Elkaar coachen doe je bijna ongemerkt als je in een groep rijdt. Bijvoorbeeld wijs je de anderen op een paaltje. Of op tegenliggers, waardoor we moeten ritsen.
De voorsten in een groep doen dat vanzelfsprekend. Verderop komen de signalen soms niet door. Bijvoorbeeld als degenen die tussenin rijden druk in gesprek zijn en het signaal niet naar achteren doorgeven. Dan kunnen de achtersten wel eens overvallen worden door een paaltje.
Je coacht elkaar ook om met zijn allen beter uit de wind te zitten. Bij weinig wind voel je op kop niet altijd even goed waar die vandaan komt. In het wiel merk je veel beter waar de wind zit en dus de kopman zou moeten rijden. Degenen die achter rijden roepen dan ‘tikkie links’ of ‘tikkie rechts’ om de kopman of -vrouw in de juiste positie te brengen.

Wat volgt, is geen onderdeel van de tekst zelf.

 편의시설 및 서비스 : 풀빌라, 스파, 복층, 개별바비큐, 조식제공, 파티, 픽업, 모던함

Denk erom om alle richtingsveranderingen langzaam te doen.
Feedback geven
Als iemand naar jouw smaak een ‘fout’ maakt probeer je hem bij te brengen wat hij fout doet en hoe het beter kan.

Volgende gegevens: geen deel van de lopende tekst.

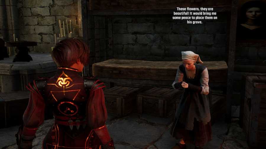 The initial conversation with her will explain that she is looking for a nice way to mourn the loss of her loved ones and wants to bring some flowers to their grave. You'll need to collect three beautiful flowers for her, but you won't be able to find any flowers in Locksley. After this conversation, you can find her again in the Major Oak HQ, in the room just to the right of the Mission table.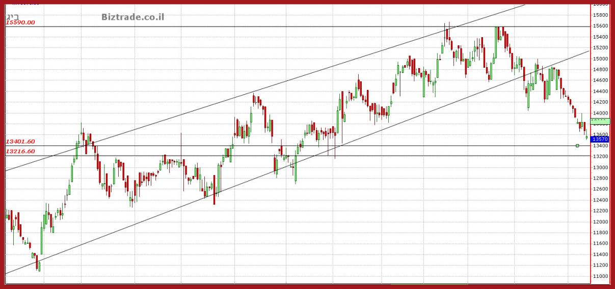את התעלה העולה היא מזמן שברה , והמחיר מנסה ליצור תמיכה עם בלימה בין ה 13400 -- 13600

Je vertelt concreet wat je hebt waargenomen van het rijgedrag van de ander. Bijvoorbeeld: “Je reed daar en dan om een plas heen, is je dat zelf ook opgevallen?” Dan geef je aan wat het effect was op jou of de anderen in de groep: ”Achter je ontstond er een golfbeweging door de groep en dat is natuurlijk niet zo veilig.” Dan pas geef je aan hoe het beter kan: “Doe een volgende keer ….”.
Zo klinkt dit natuurlijk geforceerd en overdreven. Maar je snapt het idee: niet uitkafferen, maar op een rustige manier feitelijk zijn in de waarneming en concreet aangeven hoe het anders moet. Eventueel legt je uit waarom dat beter is. Dat helpt altijd:)
Vaak is het handig om niet direct feedback te geven wanneer er iets fout gaat. Iets later spreek jij waarschijnlijk wat rustiger en staat de ander meer open voor kritiek.
Misschien ken je de slogan: duidelijk op inhoud, zacht op relatie. “Mag ik je wat zeggen?”, “Is het een idee als …”. “Wat mij betreft …” zijn zinnen die veel ruimte aan een ander laten. En hem of haar niet tegen de haren in strijken.
Als er sprake is van een (informele) gezagsverhouding, (ervaren-onervaren rijder) kan het inhoudelijk stelliger: “De volgende keer als je kop over neemt, doe je dat zus en zo …” Uiteraard wel op een vriendelijke toon.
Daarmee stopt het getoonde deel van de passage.